Lucy Pasha-Robinson@lucypasha
Tuesday 13 June 2017 18:27
Corbyn jokes about 'strong and stable leadership' on return to Parliament

Labour is ready to offer “strong and stable leadership in the national interest” if Theresa May fails to form a “coalition of chaos” with the DUP, Jeremy Corbyn has vowed.

Gently mocking the Conservatives’ campaign slogan, the Labour leader, who received a standing ovation, said democracy was a “wondrous thing” that could yield “very unexpected results” at the first parliamentary sitting of the House of Commons since the general election.

In a series of digs aimed at the Prime Minister’s catastrophic underperformance in the polls, Mr Corbyn told the chamber: “We look forward to this Parliament, however short it may be.”

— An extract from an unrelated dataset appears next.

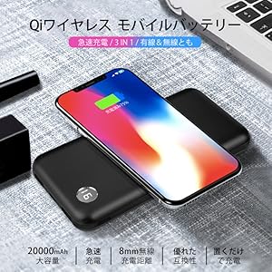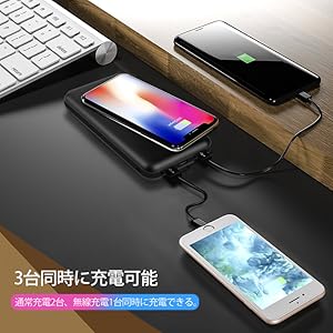 3-in-1で、2USBポート同時充電可能、通常のモバイルバッテリーとして両用でき、ワイヤレス充電で最大3台まで同時充電可能です。

Mr Corbyn defied predictions by leading his party to an unexpectedly strong result in the polls, gaining 262 seats. However, the Conservatives lost their Parliamentary majority, forcing them to enter talks with the Northern Irish unionists about a deal to support their minority government.

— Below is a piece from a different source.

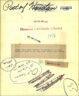 1976 Press Photo The Greek Ship Aegis Bravery at Port of Houston Grain Elevator
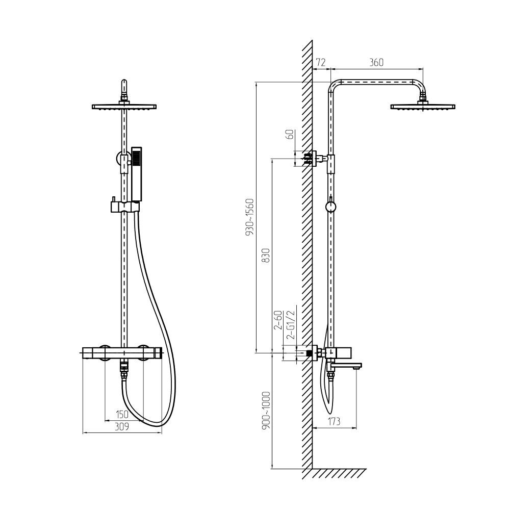 смеситель; эксцентрики; душевая стойка; верхний душ; ручной душ; душевой шланг; инструкция.

Speaking ahead of Mr Corbyn, Ms May congratulated John Bercow on his reelection as Speaker of the House, saying: “At least someone got a landslide.”

Theresa May jokes about 'landslide victory'

It comes following a day of tense talks between Ms May and the DUP to formalise a “confidence and supply” arrangement, which would see the Northern Irish party back the Government to get its Budget through and on confidence motions.

Party leader Arlene Foster wrote on Twitter: “Discussions are going well with the Government and we hope soon to be able to bring this work to a successful conclusion.”

Downing Street sources also told The Independent talks were “ongoing”. However, the deal has sparked a furious backlash over the DUP’s record on issues including LGBTQ+ rights and abortion, and how the arrangement could jeopardise Northern Ireland’s peace process.

But failure to reach an agreement with the socially conservative party could risk the new administration losing a crucial vote on the Queen’s speech next week – a position Mr Corbyn has been pushing for.

Mr Corbyn told The Andrew Marr Show on Sunday the election signified a rejection of the “politics of fear” and said “we are ready any time” to govern, should Ms May’s premiership collapse.

“We have a chaotic situation with a government that sought reelection on the basis of wanting a bigger mandate and a bigger majority to bring stability to British politics,” he said.

“We are quite ready and able to put forward a serious programme that obviously has massive support in this country.”